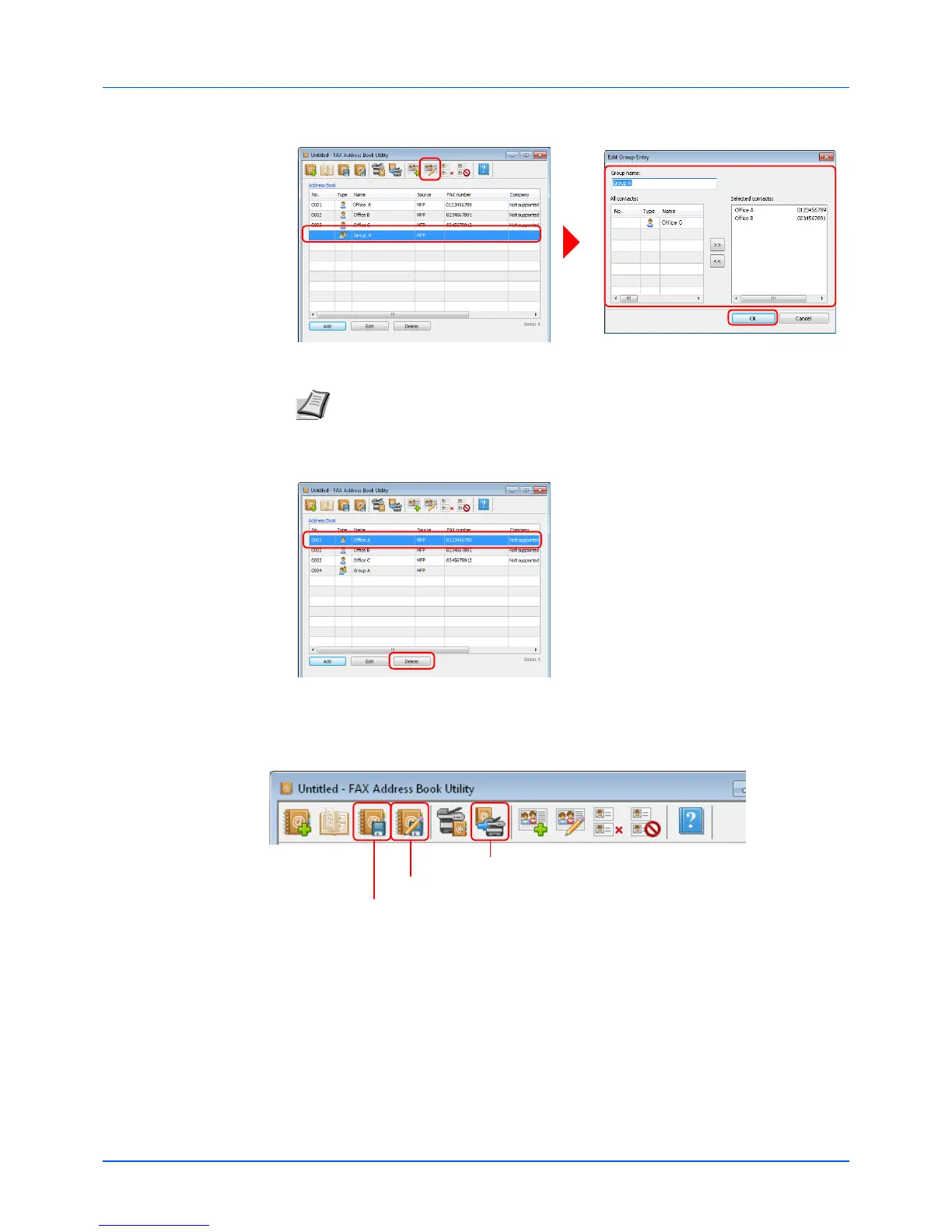 When you have finished editing the Address Book, save the Address Book in the machine or in an FDT file.
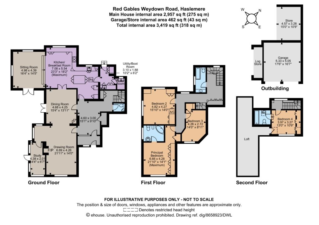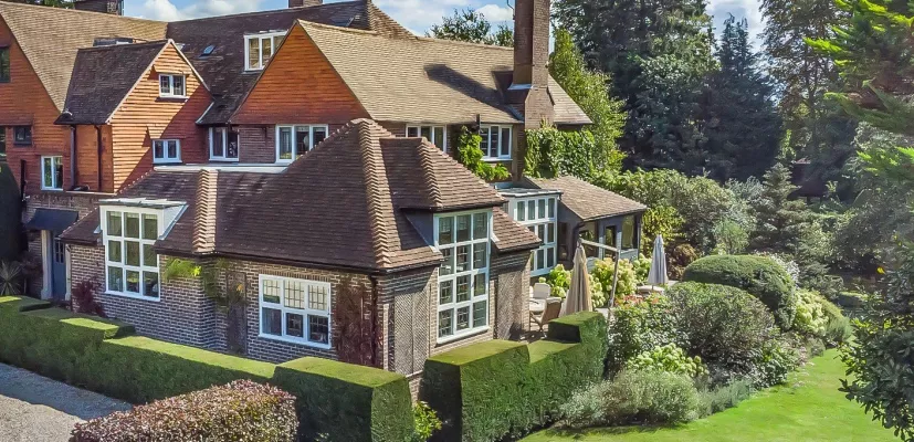 From Haslemere head northwest on High Street/A286 toward College Hill and take a slight right onto Lower Street/B2131. After 0.6 miles turn right onto Weydown Road and then a further 0.3 miles you will find Red Gables on the right hand side, through some wooden gates. what3words: ///pretty.needed.chill - brings you to the driveway
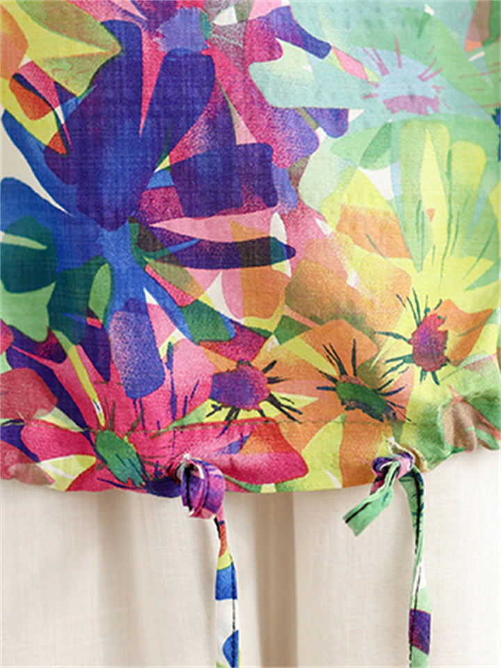 Summer Bright Daisy Print Drawstring Hem V-Neck Shirt for Female
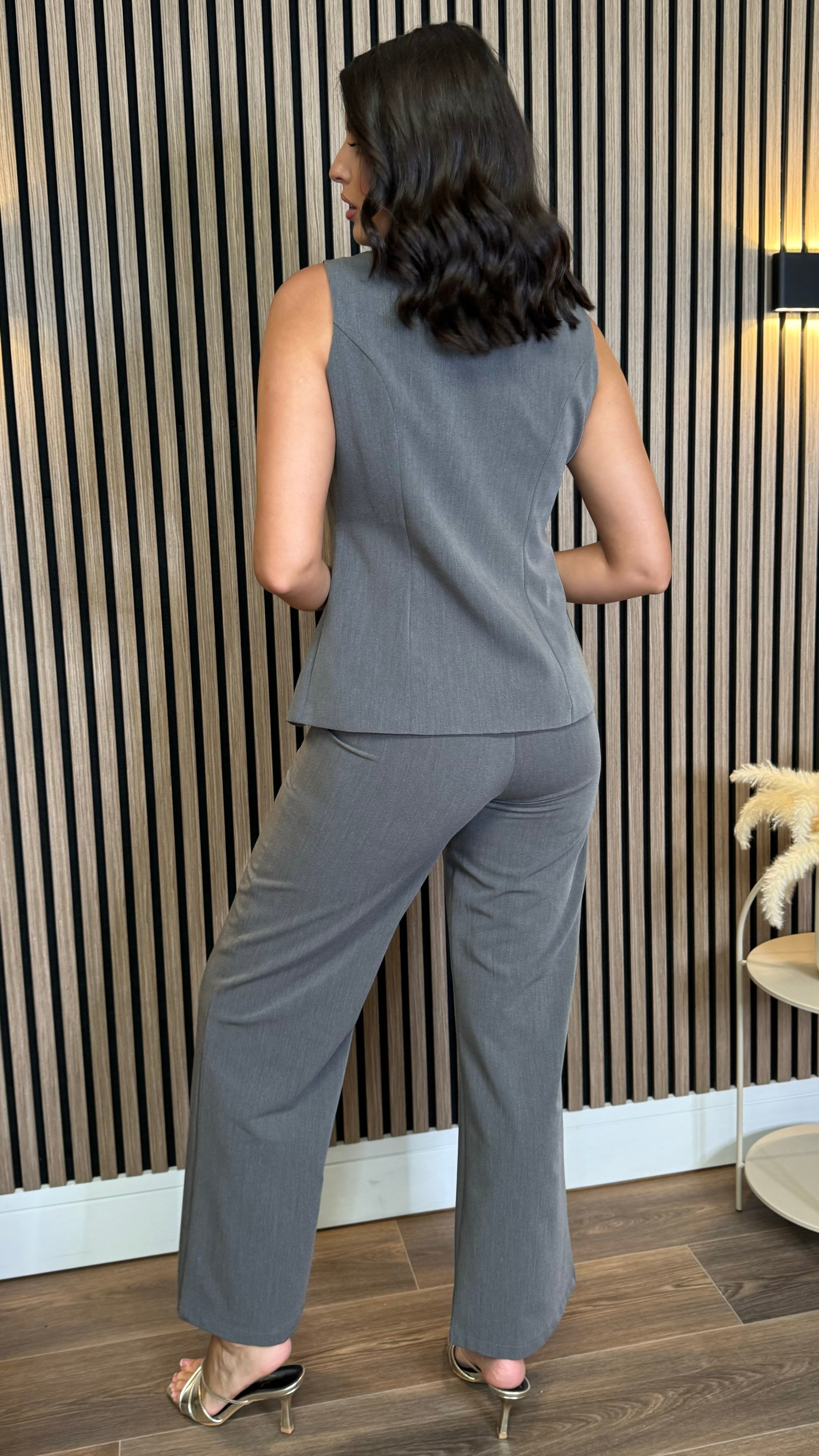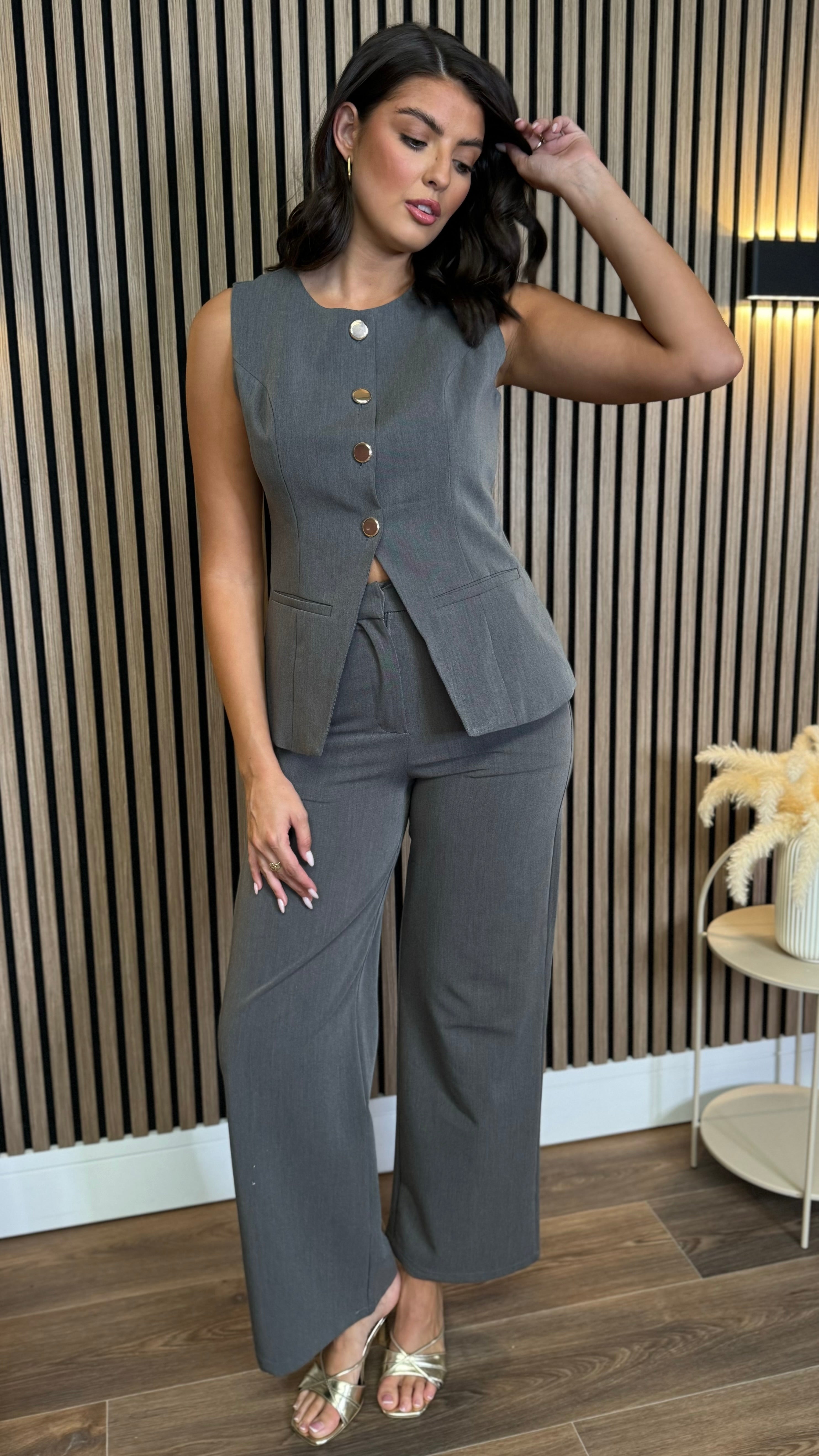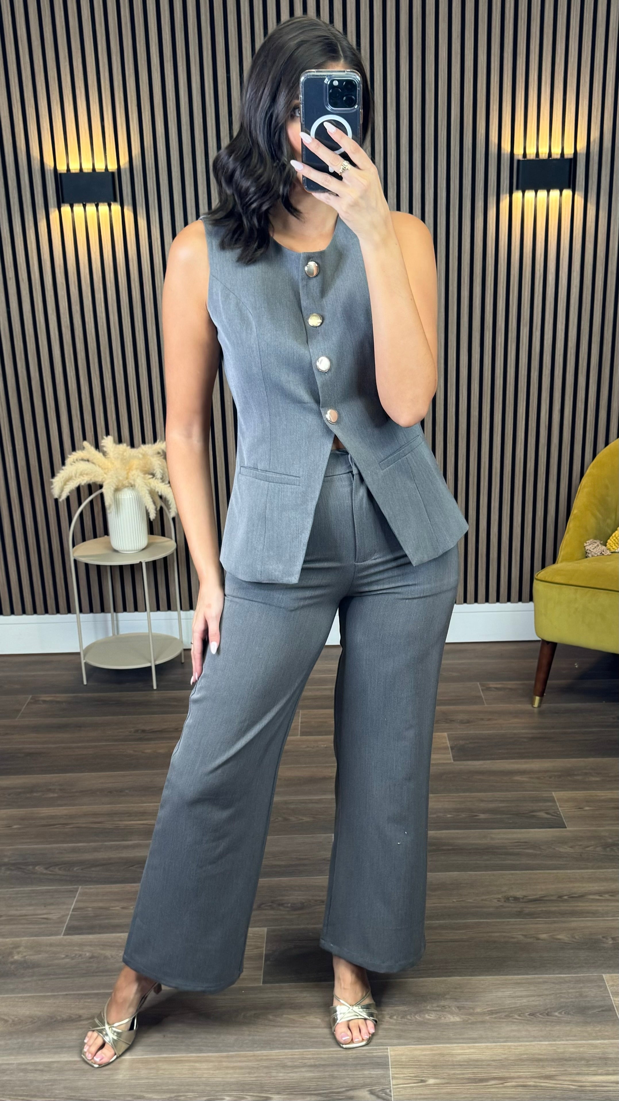 Angelina Grey Longline Gold Button Detail Waistcoat & Trouser Co-Ord

WHAT YOU NEED TO DO
All the material above must be copied exactly, and no picture belongs in the copy.

ANSWER SECTION
 When you have finished editing the Address Book, save the Address Book in the machine or in an FDT file.
 From Haslemere head northwest on High Street/A286 toward College Hill and take a slight right onto Lower Street/B2131. After 0.6 miles turn right onto Weydown Road and then a further 0.3 miles you will find Red Gables on the right hand side, through some wooden gates. what3words: ///pretty.needed.chill - brings you to the driveway
 Summer Bright Daisy Print Drawstring Hem V-Neck Shirt for Female
 Angelina Grey Longline Gold Button Detail Waistcoat & Trouser Co-Ord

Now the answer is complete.